Sales Chatbot that read all your pages. How does it work?

Hello everyone, how are you?

I’m here to ask for your help. I’m curious about how a certain app that I use was developed. Could you help me understand the steps that may have been taken? I think it would be interesting to know a little more about how these things work.

Basically, this app creates a chatbot that helps the customer in an ecommerce.

It reads all the pages on a site and then generates the chat that can be implemented with a script.

The app is https://zipchat.ai

You can see it working here:

Certainly embedding was used, am I right?

Thank you in advance for your help!

The immediate answer would be: a hybrid vector database index

Embeddings are a great start, but fail when it comes to connections and relationships. In my experience, they seem to work perfectly when attempting with single-shot message such as “What is the biggest product? What is product X?”, but, delving deeper into the chaotic mess of a conversation, foundational cracks appear. For this reason. I would say that embeddings work wonders for search engine results, but are not sufficient by themselves for conversational agent information retrieval.

When considering using a chatbot for e-commerce, you should really take in considertion 重新排名  |  Machine Learning  |  Google Developers Otherwise, you are just an over-complicated and possibly incorrect knowledge base Q&A bot. In most cases, a keyword-based search can return better results than semantics when it comes to product information retrieval if one had to pick between one or the other. So, a huge question is: “What makes a chat service better for e-commerce customer support?” Well, in my experience, speaking with a human is amazing because they had these intricate relations and connections already. So I can say something like “I have a bad knee and want this product, but it’s pretty heavy, what’s something similar?”, and a human can answer it (hopefully). A chat service using embeddings, cannot. In my opinion, a successful chat service must be able to match this level of recommendations. Answering simple questions such as “What is product X” won’t be as common as one would think, as this information is already retrievable by the customer using click, click

One part of the difficulty is managing token size when injecting context. Either you send every little piece of product information, and hope that A. It fits, and B. It doesn’t cause enough truncation to the conversation that extra context is lost. You can also try making your embedding results more specific and hope that overlapping / mixing doesn’t occur, or that it can even be used properly. I tried to accomplish this using a fine-tuned classifier model to determine the properties of the product that the user was requesting. It worked, but it wasn’t worth it as there’s still much larger, more important issues.
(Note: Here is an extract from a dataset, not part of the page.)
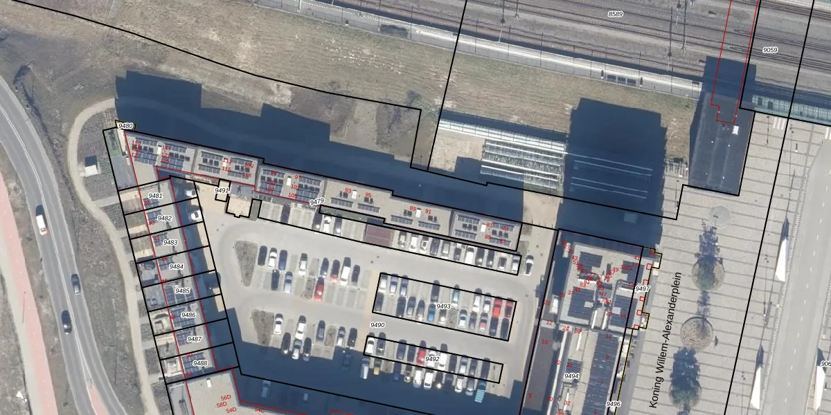 Het perceel waarop Koning Willem-Alexanderplein 89 staat heeft een oppervlakte van 1182 m². Dit is een zeer groot perceel. De perceeloppervlakte wordt geregistreerd door het Kadaster. Gedetailleerde informatie over de maten van dit perceel kunt u vinden in het rapport Kadastrale kaart met maatvoering van Koning Willem-Alexanderplein 89.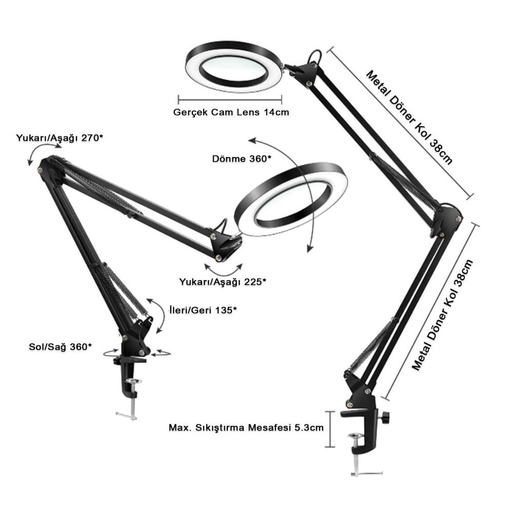 Akrobat Hareketli 8X Büyüteçli Led Masa Çalışma Lambası - Mengeneli (Beyaz)

For example, if a user were to start their inquiry with a product question, and then 20 messages later ask for a comparison between the initial product, and a new product. Or even ask for a product that’s “more colorful”. Boom, hallucination, false data, and false product information is produced. Clearly some sort of “contextual stack” is needed.
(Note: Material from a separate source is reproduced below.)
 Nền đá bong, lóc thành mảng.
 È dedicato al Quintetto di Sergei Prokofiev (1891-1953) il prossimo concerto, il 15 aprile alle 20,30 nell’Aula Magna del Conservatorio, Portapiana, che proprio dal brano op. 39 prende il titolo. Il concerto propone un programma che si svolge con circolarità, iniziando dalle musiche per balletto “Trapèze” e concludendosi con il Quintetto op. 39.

This also hasn’t even bothered to ask the question: “How does my program, or GPT know when to use embeddings?” Or, are you simply going to request embeddings for every single user message?

Since you are trying to sell this as a service, it’s your responsibility to almost COMPLETELY eliminate domain-specific hallucinations ( :skull: ) that can cause inaccurate product information. For example, what if your chatbot tells a user that a product does something that it doesn’t do? And the user complains and demands a refund?
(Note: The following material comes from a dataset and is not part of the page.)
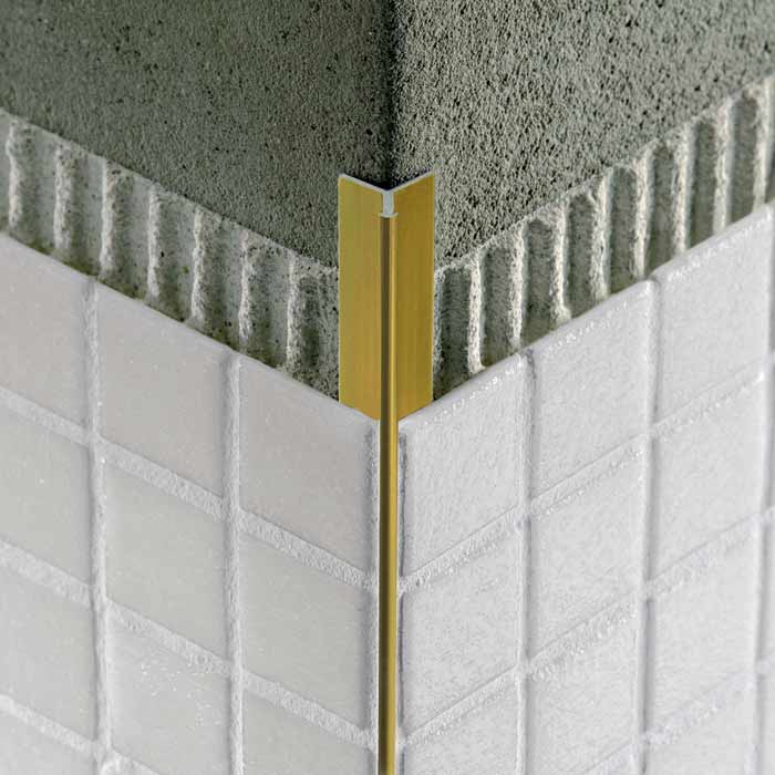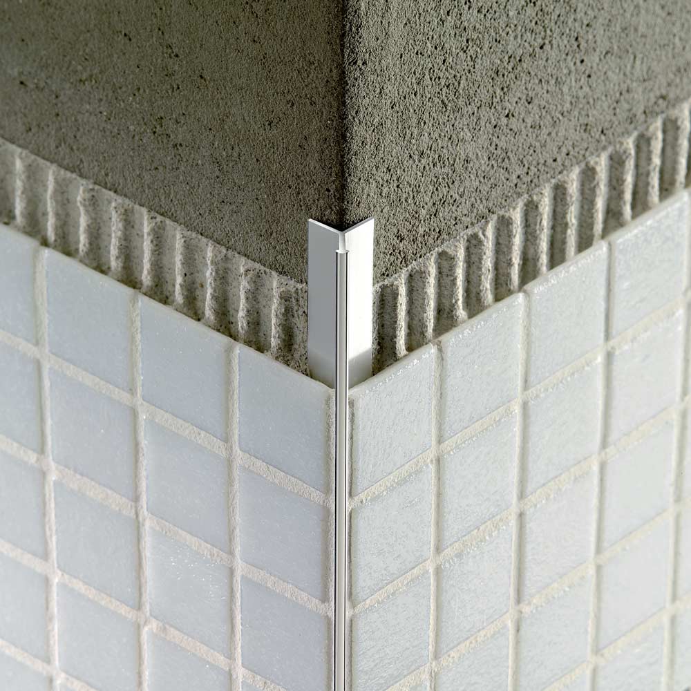 Produs de compania de renume Profilitec, acest profil metalic pentru protecția colțurilor este o soluție discretă și elegantă acolo unde este necesară tăierea plăcilor ceramice la un unghi de 45° și unde se dorește un design minimalist. În plus, profilul protejează și întărește colțurile plăcilor ceramice fragile împotriva loviturilor, oferind un design simplu cu rezultate maxime.

So, you’ll need to refine your question. What do you want to accomplish? What limitations are you willing to accept? Are embeddings the solution, or are they simply a component? How are you going to prepare your query for embeddings? How can you match each and every manner of asking basically the same with your embedded results? How will you capture nuances that change the product? How are you going to know that you even need to perform a similarity search? How will you follow the conversation, and the web-like contextual structure that it forms?

I’m sorry. I know the worst answer is one that over-complicates the question. But, these are my findings are lots and lots of trial and error. The hybrid vector index (imo) would be a great place to start, and then these other concerns can be addressed after

2 Likes

Yep - even an inverted index like LUNR is blistering fast. I have a future task to blend LUNR with an LLM. I think the combined search architecture could expose some useful experiences.

1 Like

I am on a similar path. Fingers crossed!